• [Your instructions]: Make a verbatim transcription of the records, without the pictures.

....

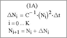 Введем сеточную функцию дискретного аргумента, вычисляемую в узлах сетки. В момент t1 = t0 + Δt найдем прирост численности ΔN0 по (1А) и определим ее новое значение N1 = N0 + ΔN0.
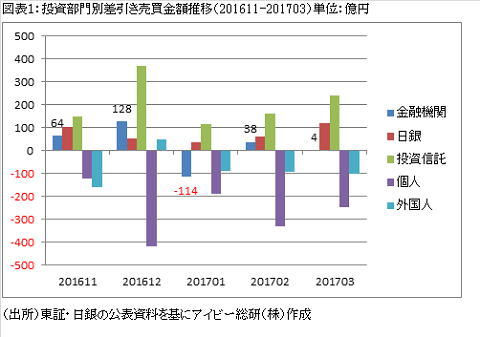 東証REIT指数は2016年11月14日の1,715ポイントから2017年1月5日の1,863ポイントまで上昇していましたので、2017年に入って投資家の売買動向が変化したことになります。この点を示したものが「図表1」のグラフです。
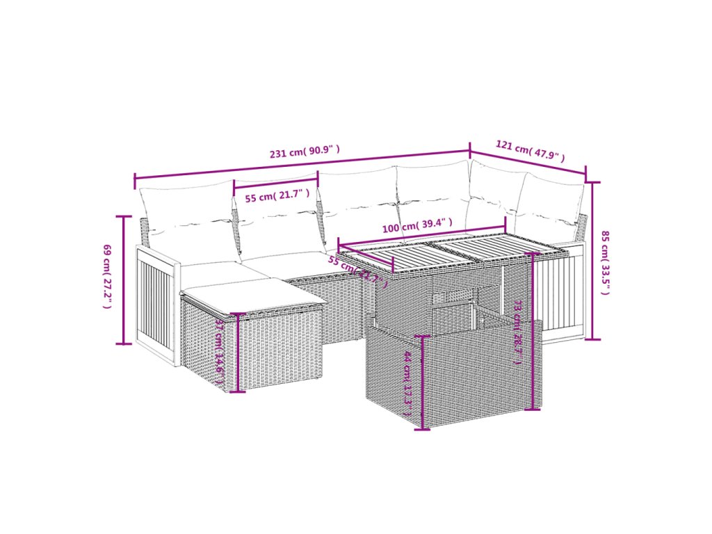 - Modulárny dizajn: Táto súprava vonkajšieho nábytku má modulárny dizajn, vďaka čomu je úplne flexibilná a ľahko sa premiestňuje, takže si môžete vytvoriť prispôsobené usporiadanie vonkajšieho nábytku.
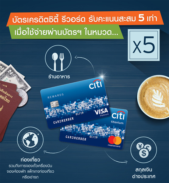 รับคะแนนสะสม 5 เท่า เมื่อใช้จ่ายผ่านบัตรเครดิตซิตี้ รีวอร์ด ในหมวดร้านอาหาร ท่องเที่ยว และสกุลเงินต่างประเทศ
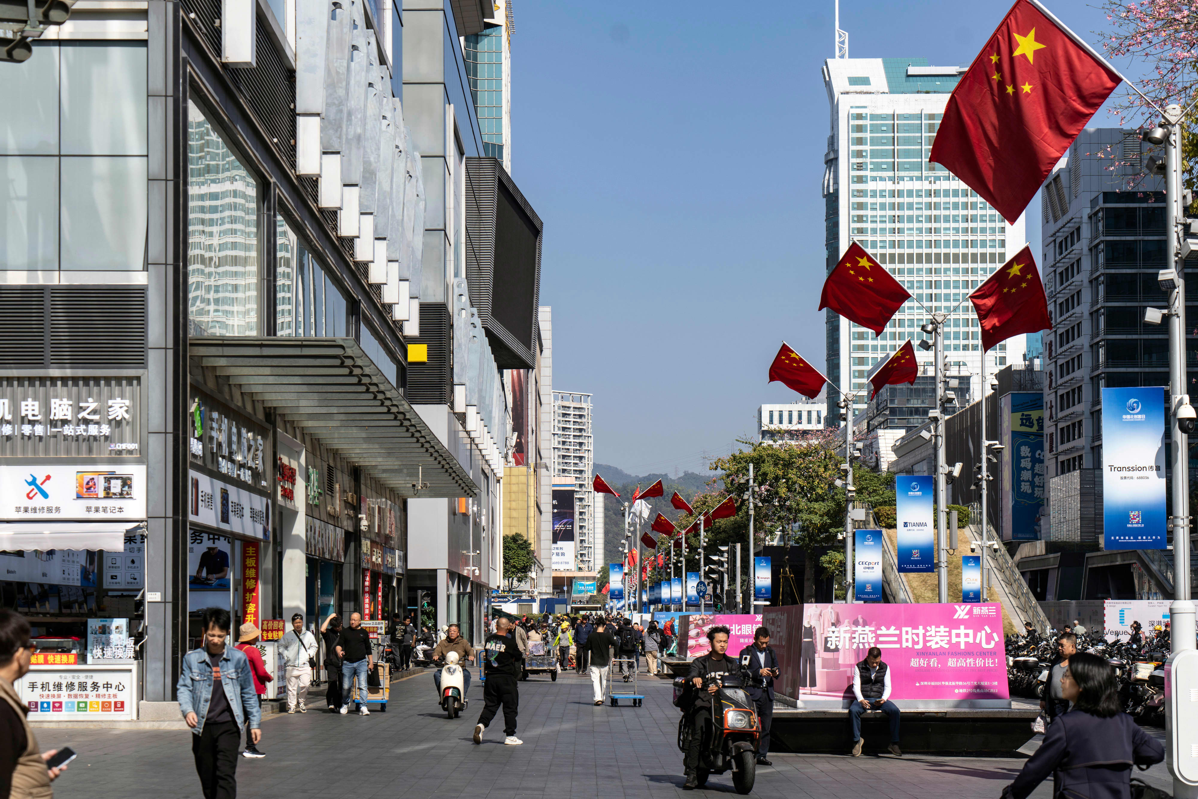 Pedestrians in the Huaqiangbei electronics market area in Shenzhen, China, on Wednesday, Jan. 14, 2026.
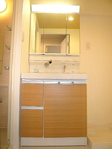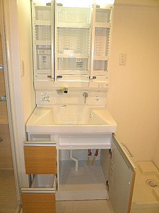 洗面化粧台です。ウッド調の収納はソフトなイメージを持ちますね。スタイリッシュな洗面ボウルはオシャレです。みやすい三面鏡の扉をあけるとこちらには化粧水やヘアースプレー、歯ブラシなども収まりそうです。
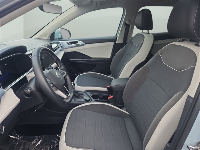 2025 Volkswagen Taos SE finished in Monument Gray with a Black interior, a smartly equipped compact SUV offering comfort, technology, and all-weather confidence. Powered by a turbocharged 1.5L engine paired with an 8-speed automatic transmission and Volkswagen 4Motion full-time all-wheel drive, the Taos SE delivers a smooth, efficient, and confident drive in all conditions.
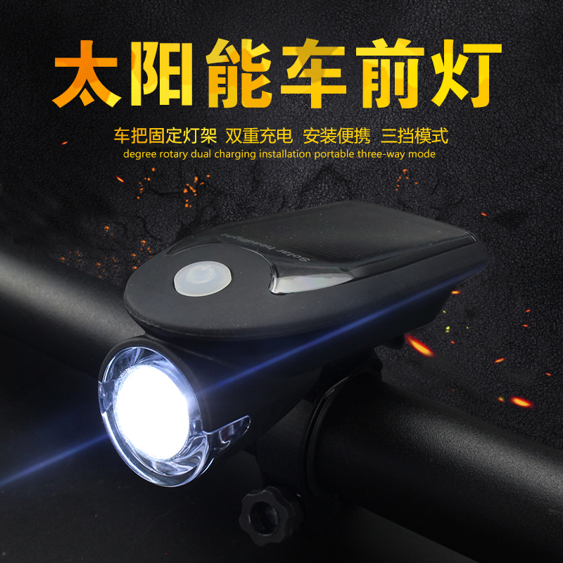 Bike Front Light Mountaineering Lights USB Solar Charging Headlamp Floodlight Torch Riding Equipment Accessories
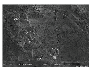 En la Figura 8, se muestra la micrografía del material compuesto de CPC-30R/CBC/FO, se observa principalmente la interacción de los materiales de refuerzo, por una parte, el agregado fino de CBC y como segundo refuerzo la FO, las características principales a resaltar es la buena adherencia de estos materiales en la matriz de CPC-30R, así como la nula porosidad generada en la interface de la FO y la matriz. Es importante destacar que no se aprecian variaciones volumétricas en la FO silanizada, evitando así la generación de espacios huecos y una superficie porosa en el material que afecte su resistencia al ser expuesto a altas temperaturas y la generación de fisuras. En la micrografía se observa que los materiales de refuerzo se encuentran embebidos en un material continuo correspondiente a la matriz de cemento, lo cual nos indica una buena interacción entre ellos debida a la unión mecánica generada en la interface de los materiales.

....

• [Your solution]:
 Введем сеточную функцию дискретного аргумента, вычисляемую в узлах сетки. В момент t1 = t0 + Δt найдем прирост численности ΔN0 по (1А) и определим ее новое значение N1 = N0 + ΔN0.
 東証REIT指数は2016年11月14日の1,715ポイントから2017年1月5日の1,863ポイントまで上昇していましたので、2017年に入って投資家の売買動向が変化したことになります。この点を示したものが「図表1」のグラフです。
 - Modulárny dizajn: Táto súprava vonkajšieho nábytku má modulárny dizajn, vďaka čomu je úplne flexibilná a ľahko sa premiestňuje, takže si môžete vytvoriť prispôsobené usporiadanie vonkajšieho nábytku.
 รับคะแนนสะสม 5 เท่า เมื่อใช้จ่ายผ่านบัตรเครดิตซิตี้ รีวอร์ด ในหมวดร้านอาหาร ท่องเที่ยว และสกุลเงินต่างประเทศ
 Pedestrians in the Huaqiangbei electronics market area in Shenzhen, China, on Wednesday, Jan. 14, 2026.
 洗面化粧台です。ウッド調の収納はソフトなイメージを持ちますね。スタイリッシュな洗面ボウルはオシャレです。みやすい三面鏡の扉をあけるとこちらには化粧水やヘアースプレー、歯ブラシなども収まりそうです。
 2025 Volkswagen Taos SE finished in Monument Gray with a Black interior, a smartly equipped compact SUV offering comfort, technology, and all-weather confidence. Powered by a turbocharged 1.5L engine paired with an 8-speed automatic transmission and Volkswagen 4Motion full-time all-wheel drive, the Taos SE delivers a smooth, efficient, and confident drive in all conditions.
 Bike Front Light Mountaineering Lights USB Solar Charging Headlamp Floodlight Torch Riding Equipment Accessories
 En la Figura 8, se muestra la micrografía del material compuesto de CPC-30R/CBC/FO, se observa principalmente la interacción de los materiales de refuerzo, por una parte, el agregado fino de CBC y como segundo refuerzo la FO, las características principales a resaltar es la buena adherencia de estos materiales en la matriz de CPC-30R, así como la nula porosidad generada en la interface de la FO y la matriz. Es importante destacar que no se aprecian variaciones volumétricas en la FO silanizada, evitando así la generación de espacios huecos y una superficie porosa en el material que afecte su resistencia al ser expuesto a altas temperaturas y la generación de fisuras. En la micrografía se observa que los materiales de refuerzo se encuentran embebidos en un material continuo correspondiente a la matriz de cemento, lo cual nos indica una buena interacción entre ellos debida a la unión mecánica generada en la interface de los materiales.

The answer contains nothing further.